- ABOUT THIS EXERCISE -
Pictures are not part of the answer. Return the lines from the one containing "image | Back |" through the end of the data, both included, exactly as they appear.

- DATA PROVIDED -

------------------------

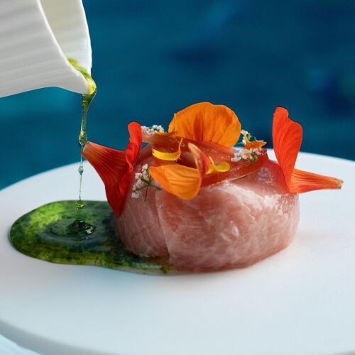 It's not often sharks and stingrays swim past you as you dine but, then again, there aren’t many restaurants with huge windows looking into an aquarium of 65,000 marine animals. From the moment you descend the marble spiral staircase into this unique restaurant at the Atlantis, you’ll find yourself transfixed and fully immersed. Each course of the ten-course tasting menu tells a story of explorers who have navigated around the Atlantic Ocean; many of the dishes are finished off at the table with an added dash of theatricality.
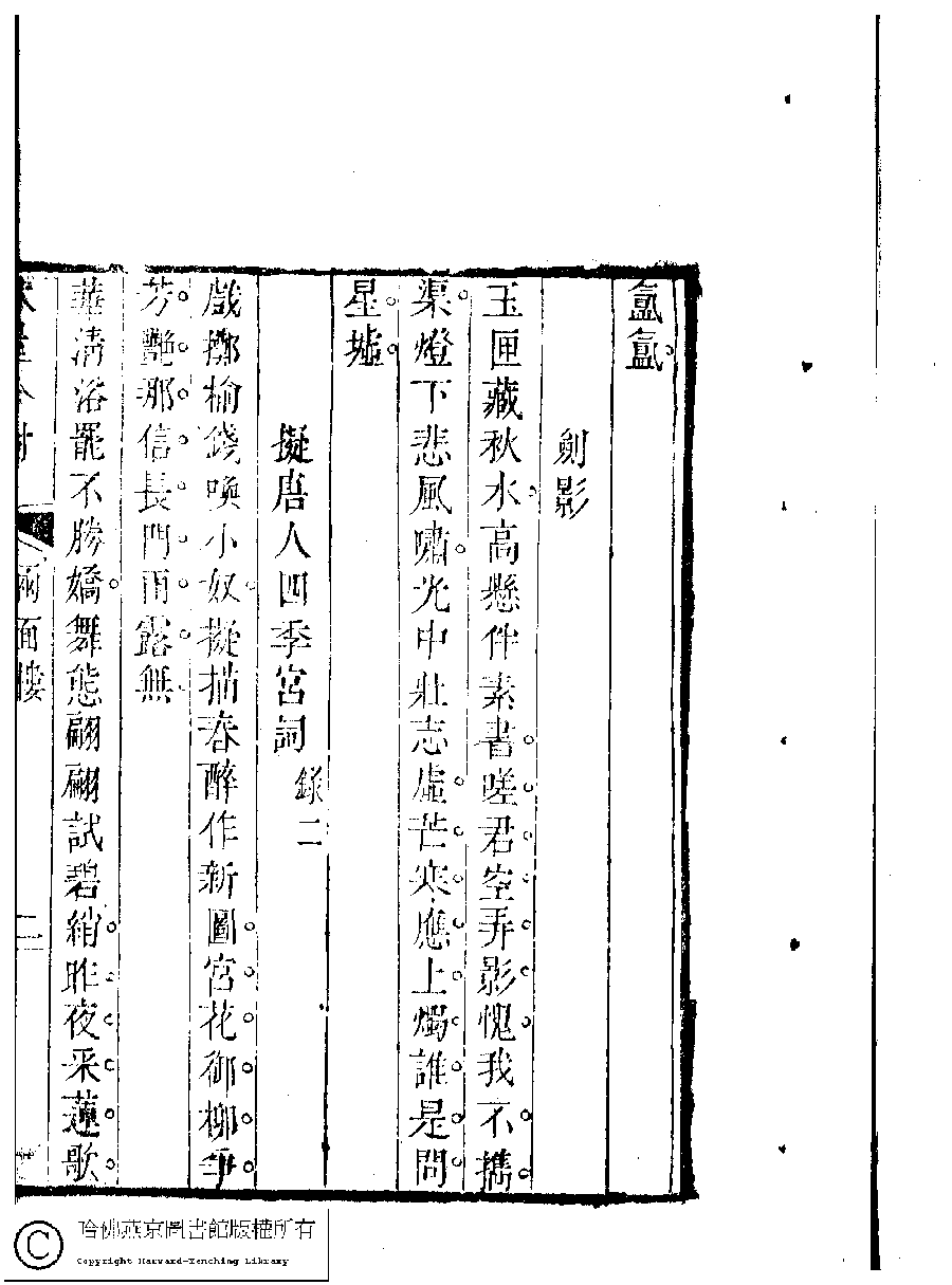 | (PRINT FRIENDLY VERSION) 吳中女士詩鈔(清任兆麟輯,張滋蘭選) : 兩面樓詩稿﹕一卷。清乾隆五十四年(1789)刻本 ![]() Page : 兩面樓.2b | click for larger image | 吳中女士詩鈔(清任兆麟輯,張滋蘭選) : 兩面樓詩稿﹕一卷。清乾隆五十四年(1789)刻本![]() Page : 兩面樓.2a | click for larger image | Back |
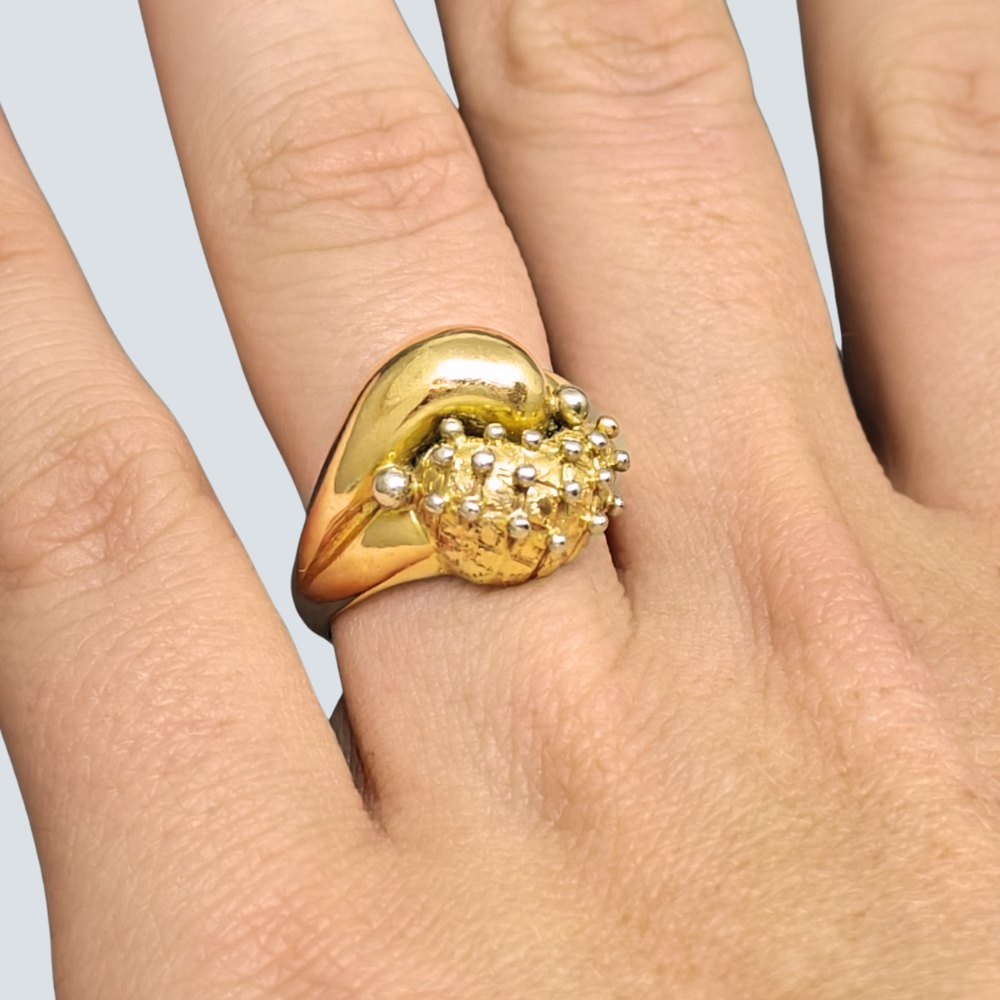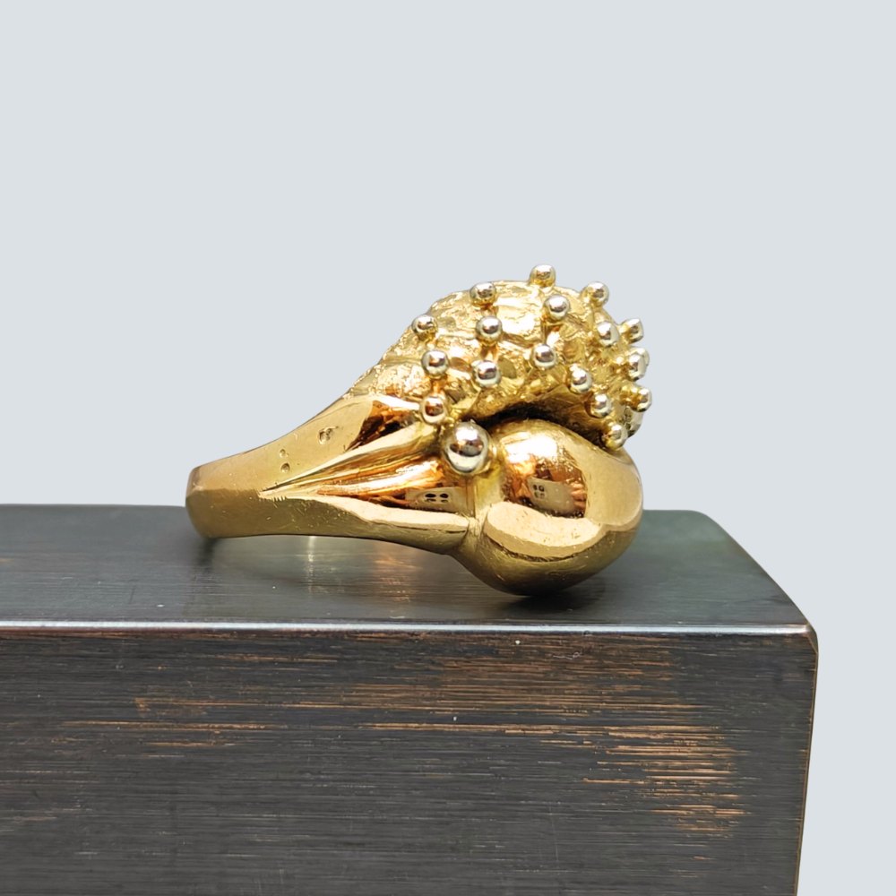 Ring i 18 kt. guld prydet med mønster foran. Ring str. 55.Bredde: 0,4 - 1,6 cm.

------------------------

- RESPONSE AREA -
 | (PRINT FRIENDLY VERSION) 吳中女士詩鈔(清任兆麟輯,張滋蘭選) : 兩面樓詩稿﹕一卷。清乾隆五十四年(1789)刻本 ![]() Page : 兩面樓.2b | click for larger image | 吳中女士詩鈔(清任兆麟輯,張滋蘭選) : 兩面樓詩稿﹕一卷。清乾隆五十四年(1789)刻本![]() Page : 兩面樓.2a | click for larger image | Back |
 Ring i 18 kt. guld prydet med mønster foran. Ring str. 55.Bredde: 0,4 - 1,6 cm.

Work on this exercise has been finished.